Aaron Sorkin was moved on Friday during his visit to the White House to celebrate the 25th anniversary of “The West Wing” — so much that it has him pondering a revival of the critically adored political drama.
“If I had an idea, sure,” Sorkin said in a press statement afterwards. “I didn’t think about it seriously, frankly, until today… We’ll see what happens when I wake up tomorrow. But, if you’re asking me now, this is how I feel.”
Sorkin, director/exec producer Thomas Schlamme and stars Martin Sheen, Richard Schiff, Dulé Hill, Janel Moloney, Emily Procter, Melissa Fitzgerald and Mary McCormack met with President Joe Biden in the map room, and then were given a personal tour of the building.
President Biden then left for meetings in Delaware. Later, First Lady Jill Biden held a formal Rose Garden ceremony for the show, held right outside the real-life West Wing and Oval Office.
“I just got a couple of ideas for episodes just walking around the White House,” he added. “Like, ‘why didn’t we ever do this? Why didn’t we ever do that?’”.

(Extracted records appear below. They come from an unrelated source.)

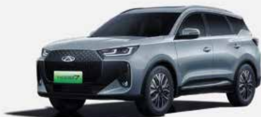
TECH GRAY (GX)
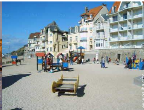
Zonas atractivas y relajación
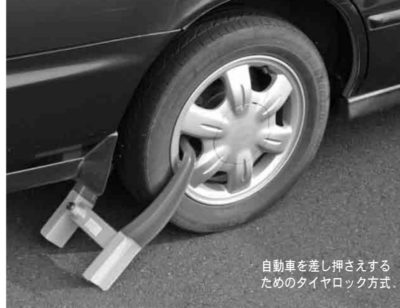
自動車を差し押さえするためのタイヤロック方式

Sorkin added he has hesitated on a new edition of “The West Wing” in the past because he feared audiences would miss the original cast too much.

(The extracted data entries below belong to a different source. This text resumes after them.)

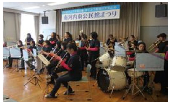
4週目、南河内東公民館が4館のトリを務めます(南東)
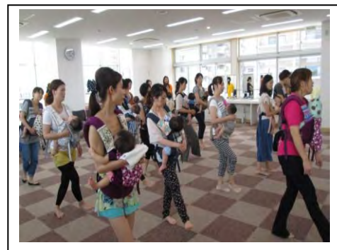
写真2 あまが池プラザの催し 【ベビーダンス】
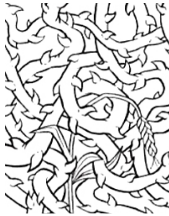
3. de grote drukte
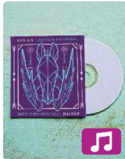
Justicia universal Dorian

Torna el rock electrònic de Dorian. La banda, activa des del 2004, llança el nou disc Justicia universal (Intromúsica Records, 2018), el seu cinquè treball discogràfic, gestat en un llarg procés de dotze mesos. L'energia i el so característic de Dorian aniran de gira per l'Estat espanyol i viatjaran a capitals de l'Amèrica Llatina i els Estats Units.

“I suspect that a new president would have a hard time living up to people’s memories of Martin,” he said of Sheen and his character, President Jed Bartlet.

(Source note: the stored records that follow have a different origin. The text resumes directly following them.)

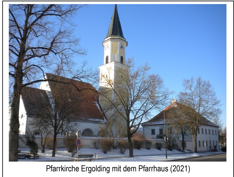
Pfarrkirche Ergolding mit dem Pfarrhaus (2021)
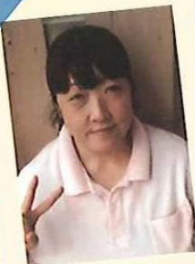
訪問介護碧の風 訪問介護員

今年の夏は北海道へ行ってきました！海の幸♪ラーメン♪そしてビール♪函館ビヤホールで、たっぷり満喫してきました♪中年まっしぐらの今日この頃、ビール腹に気をつけなければ(汗)。
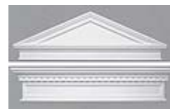
Сандрики фирмы ORAC DECOR. Простые в установке они придают элегантный вид любому дверному или оконному проему.

“But maybe enough time has gone by and it’s a whole new generation. A generation which, by the way, thanks to streaming, thinks we’re making the show today!”.
Sorkin noted he doesn’t have a political agenda when it comes to considering a “West Wing” revival.
“I just thought it was a great workplace against which to set,” he continued. “There are all kinds of stories that come over the transom that you can tell, and that aspirational, idealistic, romantic style of writing suits me.”
The political environment has changed dramatically since “The West Wing” left the air after seven seasons in 2006.
Sorkin admitted, “We couldn’t possibly come up with stories in the room that are crazier than the actual stories that we see.”
He agreed that sticking to an aspirational, idealistic story might be “very hard” in this climate.
“Because part of it is being idealistic, it does need to feel like it’s taking place in the world that we live in for it to work,” Sorkin said.
“It does need to feel like our world. So, it would be hard, but as Brad Whitford, as Josh Lyman, says in the Season 3 premiere, ’20 Hours in America,’ ‘it’s gonna be hard,’ and Toby says, ‘it’s the hard that makes it good.’”
Sorkin stated that it’s a good question whether a second Trump presidency would make a “The West Wing” revival more or less appealing to him.
“It would certainly present incentives to do it, but also headaches,” he noted. “The worry would be that everything we did on the show would be seen as a rebuttal to the world of Donald Trump.”
Warner Bros. TV chairman Channing Dungey, who was also at the White House event, said she’s open to whatever Sorkin decides he wants to do.
She also hinted in the past that she’d be open to a new version of “The West Wing.”